Pemindahan ibu kota ke pulau yang jauh dari Jawa bukan tanpa alasan. Jokowi menyebutkan ada 5 alasan mengapa memilih wilayah Penajam Pasaer Utara dan Kutai Kartanegara. Dilansir dari media Tirto.id, alasan yang melatarbelakngi pemindahan ibu kota ialah:
- Risiko bencana di kedua wilayah tersebut terbilang minim, baik banjir, gempa, tsunami, kebakaran hutan, gunung berapi, dan tanah longsor.
- Lokasi yang strategis, berada di tengah-tengah Indonesia. jarak rata-rata Kalimantan Timur ke seluruh Provinsi di Indonesia adalah 893 kilometer.
- Kabupaten Penajam Paser Utara dan Kutai Kartanegara berada di dekat perkotaan yang sudah berkembang; Balikpapan dan Samarinda.
- Memiliki infrastruktur yang relatif lengkap.
- Tersedia lahan seluas 180 ribu hektare yang dikuasai pemerintah.

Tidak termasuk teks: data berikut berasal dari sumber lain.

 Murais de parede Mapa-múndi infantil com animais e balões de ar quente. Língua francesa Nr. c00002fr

Pemindahan ibu kota ke tempat yang baru akan menimbulkan dampak, terlebih pada aspek perekonomian sebab sebagai ibu kota. itu artinya Provinsi Kalimantan Timur khususnya wilayah Penajam paser Utara dan Kutai kartanegara akan menjadi titik pusat kegiatan tertentu pada suatu negara. Dapat dilihat dari jumlah dan laju pertumbuhan penduduk di DKI Jakarta dari taun ke tahun yang dapat dilihat dalam gambar berikut ini.

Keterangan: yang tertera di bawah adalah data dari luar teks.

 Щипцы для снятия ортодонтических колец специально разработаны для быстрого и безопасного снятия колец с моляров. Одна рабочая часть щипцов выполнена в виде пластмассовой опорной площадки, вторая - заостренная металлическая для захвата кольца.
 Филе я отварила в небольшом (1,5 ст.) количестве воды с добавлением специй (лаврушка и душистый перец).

Pada tabel di atas terlihat bahwa pada tahun 2010, jumlah penduduk Provinsi DKI Jakarta mencapai 9.607,79 jiwa. Lima tahun kemudian yaitu pada tahun 2015, jumlah penduduk bertambah hingga mencapai 10.177,92 jiwa dan puncaknya pad athun 2018 penduduk DKI Jakarta meningkat hingga 10.467,63 jiwa.
Laju pertumbuhan penduduk pada tahun 2000-2010 mencapai 1,42 % dan pada tahun 2010-2018 menurun di angka 1,07 %. Lonjakan jumlah penduduk ini apabila diidentifikasi lebih lanjut dan ditarik kesimpulan awal, dapat diperoleh dari angka kelahiran maupun angka perpindahan penduduk dari daerah menuju Jakarta yang meningkat.

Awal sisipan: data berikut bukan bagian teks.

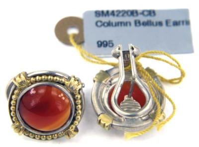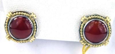 Slane & Slane 18K Gold & Silver Agate EarringEarring weight is 7.5 gramsThe measurement of stone: 10mm round. Measurement of earring is 17x17mm.The earring is 3mm thick.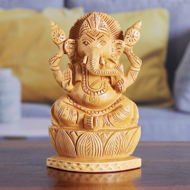 "The son of Shiva and Parvati, two of the most powerful deities in Hindu belief, Ganesha is the remover of all obstacles. He is invoked before any auspicious event. This beloved god with the head of an elephant appears in a kadam wood carving from Suresh and Devender Garg. The details are realistic and beautiful."

Pertumbuhan jumlah penduduk ini dapat disebabkan karena DKI Jakarta merupakan ibu kota Indonesia di mana seluruh kegiatan terpusat di sana, mulai dari kepentingan administratif kenegaraan hingga ke pusat perekonomian. Perekonomian di Jakarta tidak hanya bergerak di sektor formal, melainkan juga sektor informal untuk menjangkau kebutuhan seluruh lapisan masyarakat.
Fenomena kenaikan jumlah penduduk dapat dihubungkan dengan teori tarikan dan bangkitan, di mana DKI Jakarta memiliki tarikan yang kuat sebagai ibu kota dan pusat kegiatan yang membutuhkan sumber daya manusia untuk memutar roda penghidupan.